Why no есть ? And how come cat and dog are not in the genitive here but are when the sentence is negated?
Here, I took some liberty with the wording: in the context of discussing pets people have you may decide not to focus on the fact of HAVING a pet as much as on WHICH pet a person has.
"У мамы есть кошка и собака" also works, naturally.
Which is why we have to also accept translations like "У меня кошка" in some other sentences (where it makes some sense, of course). Pretty inconveniet because these two do not mean the same and are not interchangeable.
Interesting. What's the difference? Also, my response got marked wrong cuz I said Mama and not Mom. :( я не глупый госпожа.
Does this only apply to pets? What about fruits? Can I omit the yest' if I am stressing that mom has an apple instead of a pear? What about houses? This is realy confusing to learners coming from languages that require the equivalent of yest'.
The fact of having some pet(s) is implied.
You use Genitive in negations and Nominative in affirmative sentences.
This link really helped me: http://www.auburn.edu/~mitrege/russian/tutorials/0005.html
Sorry but can somebody explain to me what U means?

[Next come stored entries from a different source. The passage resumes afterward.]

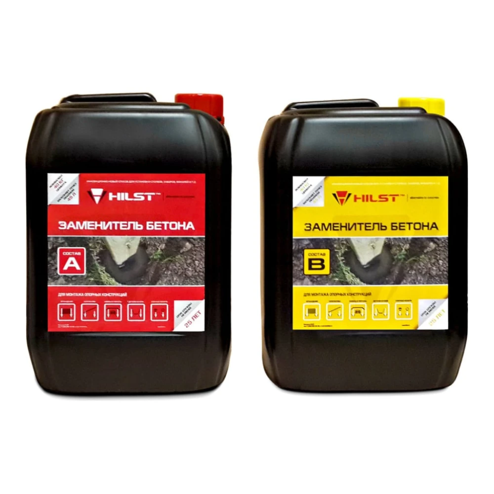 Уникальный продукт для быстрого и легкого монтажа опорных конструкций: столбы для забора, дорожные знаки, фонари освещения, мачты, антенны, опоры трубопроводов, вентилируемые и сплошные заборы. Продукт обладает высокой проникающей способностью. 10 литров готового состава могут заменить 800 кг сухой бетонной смеси. В комплект поставки входят две канистры объемом по 5 л.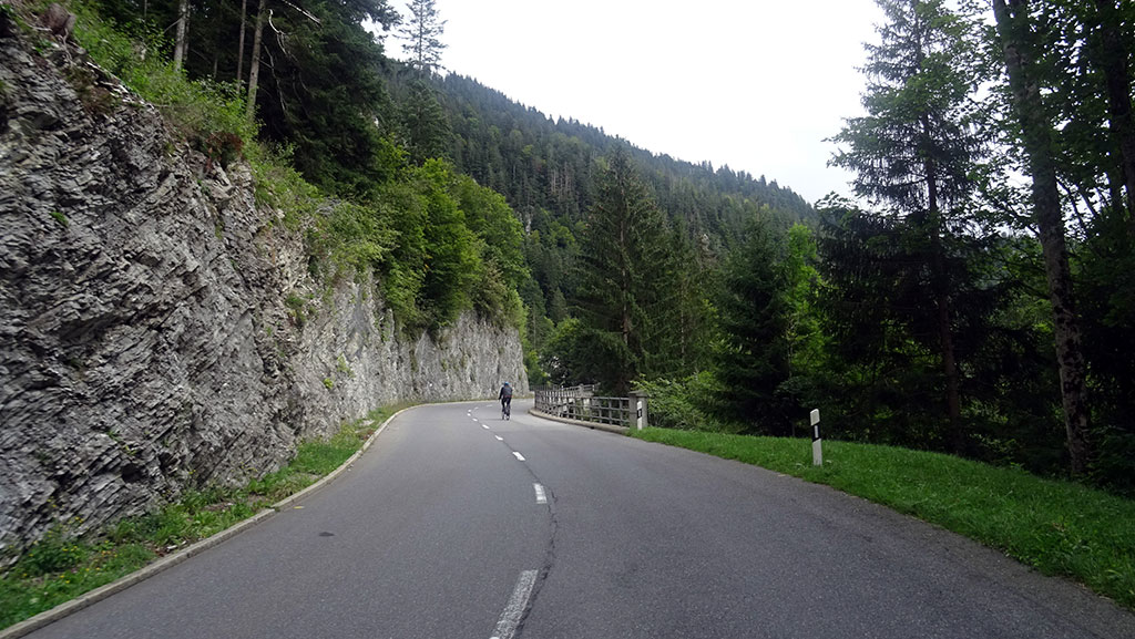 À l’issue du replat, la route traverse la Torneresse à proximité d’Etivaz et part à l’assaut du second passage difficile de l’ascension. On est à nouveau en forêt et ce sera 3,7 km à 6/7% de moyenne. Le groupe éclate à nouveau, je pars aux avants postes en compagnie de Georges. Ce dernier appuie fort sur les pédales, ma barre de vie commence un peu à être entamée… je relâche mon effort car j’ai envie de terminer tranquillement… j’ai comme une appréhension que ça va être la dernière montée du séjour…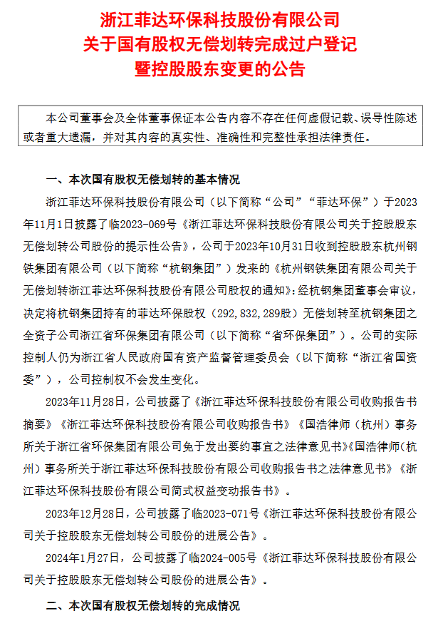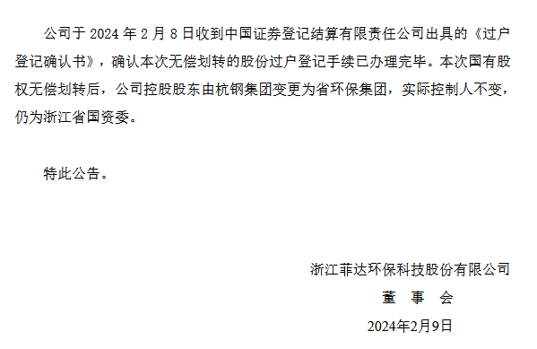 菲達環(huán)保發(fā)布公告稱,2024年2月8日收到中國證券登記結(jié)算有限責(zé)任公司出具的《過戶登記確認書》,確認本次無償劃轉(zhuǎn)的股份過戶登記手續(xù)已辦理完畢。
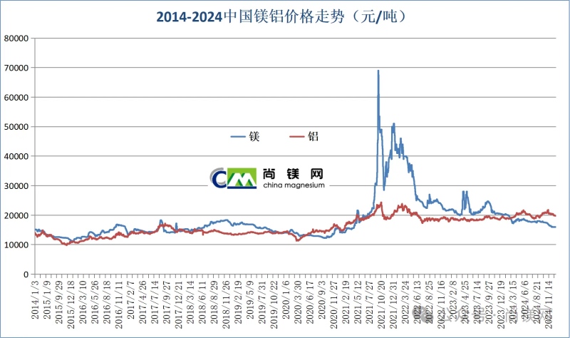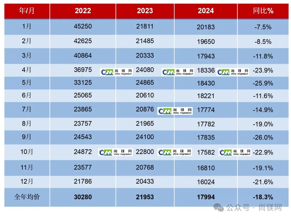 ![]() 2024年中國鎂錠價格一路下行,從年初的20200元/噸,下跌至年底的16000元/噸,16000元成為重要的價格支撐線。2024年底的鎂價格已經(jīng)跌回到2021年4月水平,為44個月來最低值。2024年鎂價格月度平均值從1月份的20183元/噸,跌至12月份的16024元/噸。2024全年平均價格為17994元/噸,與2023年同比下降了18.0%,為4年最低值。年內(nèi)價格凈跌去4200元,跌幅20.8%。 受鎂主產(chǎn)地榆林地區(qū)能耗雙控和環(huán)保整改影響,2021年9月中下旬開始的一輪鎂價格上漲周期大體上持續(xù)了8個月。隨著榆林地區(qū)鎂廠環(huán)保改造逐步完成,鎂生產(chǎn)和供求關(guān)系有了很大的改善,自2022年4月起,鎂價格進(jìn)入下降通道,鎂生產(chǎn)企業(yè)再陷入經(jīng)營困難時期。在成本因素支撐下,2022年下半年及2023年全年,鎂價格還能在20000-26000元之間波動,一直在20000元以上堅守。但是,進(jìn)入2024年,由于鎂廠改造和生產(chǎn)的全面恢復(fù),鎂供應(yīng)量進(jìn)一步增加,但是消費(fèi)端并沒有同步跟進(jìn),鎂價在2月份就跌破20000元,其中二、三月和4季度跌幅最大。由于商業(yè)收儲行動和季節(jié)性采購因素,第二、三季度價格有所反彈并有所維穩(wěn),但是11月份之后價格再度急劇下行。全年鎂價凈跌去4200元,跌幅20.8%。 2024年年初價格:20200元(1月2日) 2024年年末價:16000元(12月30日) 最低價:16000元(12月30日) 最高價:20400元(1月19日) 年度平均價:17994元 2022-2024年中國鎂錠月度平均價(元/噸)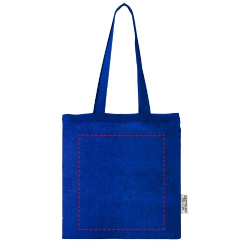 Die Tragetasche Madras aus 100 % GRS-zertifizierter recycelter Baumwolle ist die perfekte Tasche zum Verschenken bei Veranstaltungen, Konferenzen oder als Einkaufstasche für kleine Einkäufe. Die Baumwolldichte von 140 g/m² Baumwolle macht die Tasche robust, langlebig und geeignet, um schwere Gegenstände zu transportieren. Mit einer Tragegriffhöhe von 30cm (Tragegrifflänge 60cm) lässt sich diese Tasche gut tragen. Die für diese Tragetasche verfügbaren Druckverfahren sind ebenfalls GRS-zertifiziert, so dass die gesamte Lieferkette transparent und zertifiziert ist. Hergestellt in Indien. Beständigkeit bis zu 5kg.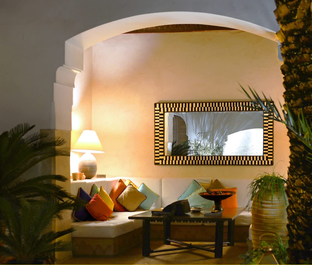 Le salon, la salle à manger et les 6 suites convergent toutes vers le patio planté de palmiers au centre du riad. Il offre la tranquilité d’un bassin fontaine ou vous pourrez vous rafraîchir aux heures les plus chaudes de la journée. Protégé du soleil, le patio permet d’y siroter un thé à la menthe ou d’y dîner à la lumière des lanternes. Le patio est équipé d’un système de brumisation pour les heures chaudes en été, vous pourrez apprécier cette agréable fraicheur.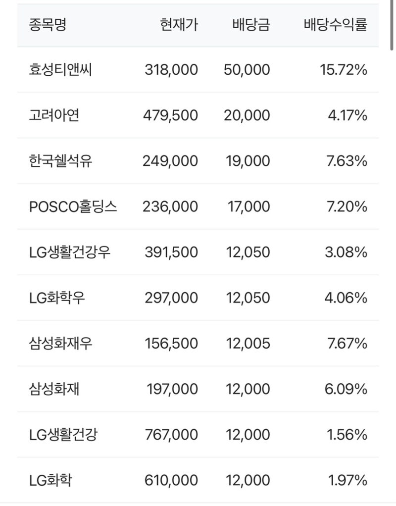 국내 배당주 순위 1. 에끌레더블 2. 바다로 19호 선박투자회사 3. 효성티앤씨 4. 동양생명보험 5. 에이치디현대 6. 한국투자금융지주 1우 7. NH투자증권 1우

Because in this test it's seemed to change.
It is a preposition with the meaning of "at, beside". It is also used with living beings to sort of "convert" them to places. You see, in Russian the most idiomatic way to express possession is to say that a thing is "at" someone:
- У меня есть машина. = I have a car.
- У меня есть компьютер. = I have a computer.
- У мамы есть собака. = Mom has a dog.
- У собаки есть мама. = The dog has a mom.

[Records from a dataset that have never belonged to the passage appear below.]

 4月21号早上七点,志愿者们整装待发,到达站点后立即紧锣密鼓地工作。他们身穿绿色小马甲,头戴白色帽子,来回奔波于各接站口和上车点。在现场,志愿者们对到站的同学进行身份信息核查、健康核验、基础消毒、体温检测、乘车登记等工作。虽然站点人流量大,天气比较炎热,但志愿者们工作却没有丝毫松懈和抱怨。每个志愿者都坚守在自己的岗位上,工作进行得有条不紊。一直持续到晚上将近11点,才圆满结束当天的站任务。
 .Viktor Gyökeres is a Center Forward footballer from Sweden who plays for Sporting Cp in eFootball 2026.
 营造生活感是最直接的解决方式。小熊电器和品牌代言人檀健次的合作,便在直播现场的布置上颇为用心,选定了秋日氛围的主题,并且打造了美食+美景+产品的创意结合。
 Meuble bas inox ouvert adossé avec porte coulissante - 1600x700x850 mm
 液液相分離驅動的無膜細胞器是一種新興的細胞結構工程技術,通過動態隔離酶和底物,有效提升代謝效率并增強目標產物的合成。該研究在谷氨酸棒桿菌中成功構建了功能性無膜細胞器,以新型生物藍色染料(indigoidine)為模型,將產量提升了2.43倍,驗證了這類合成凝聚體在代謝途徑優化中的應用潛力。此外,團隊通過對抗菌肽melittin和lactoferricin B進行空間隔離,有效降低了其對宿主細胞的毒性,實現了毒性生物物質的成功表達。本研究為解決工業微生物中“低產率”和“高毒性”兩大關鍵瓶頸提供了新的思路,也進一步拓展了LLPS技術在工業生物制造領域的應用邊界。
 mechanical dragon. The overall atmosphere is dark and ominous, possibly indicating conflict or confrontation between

More advanced stuff: pseudo-places expressed by у-phrases are also used at the beginning of a sentence to say something about a thing that "belongs" (from the language's POV) to a person or object. It is usually translated by the English possessive (the Russian sentences implies the situation is relevant to the "owner"). It is a bit one-sided because you can also use Russian possessive to translate the English sentence back. The sentence loses the connotation of relevance then and becomes an objective statement about that thing:
- У меня сломалась дверь. → My door broke. → Моя дверь сломалась.
- У тебя спина белая. → Your back is white. → Твоя спина белая.
- У меня мама не работает. → My mom does not work. → Моя мама не работает.
There could be "or" ore "and" in same time. I wrote "or" and it went wrong.
why "у мамы его нет" can be translated as "he is jot at mom's place" and here it is not accepted "a/the cat and a/the dog are at mom's place" ? any help please?
I thought "Mom has THE cat and THE dog" would be a plausible translation, depending on context, but both the first and second "the" were specifically corrected to "a." I realize articles are very different from in English, but would there be another form that should be translated with "the"? Perhaps "У мамы эта кошка и эта собака"?
I understand the translation and agree with it. BUT the speaker is clearly saying мама не мамы. We are supposed to write what we hear and I hear мама
I suppose that's what it literally translates to, but that's not what it means in English.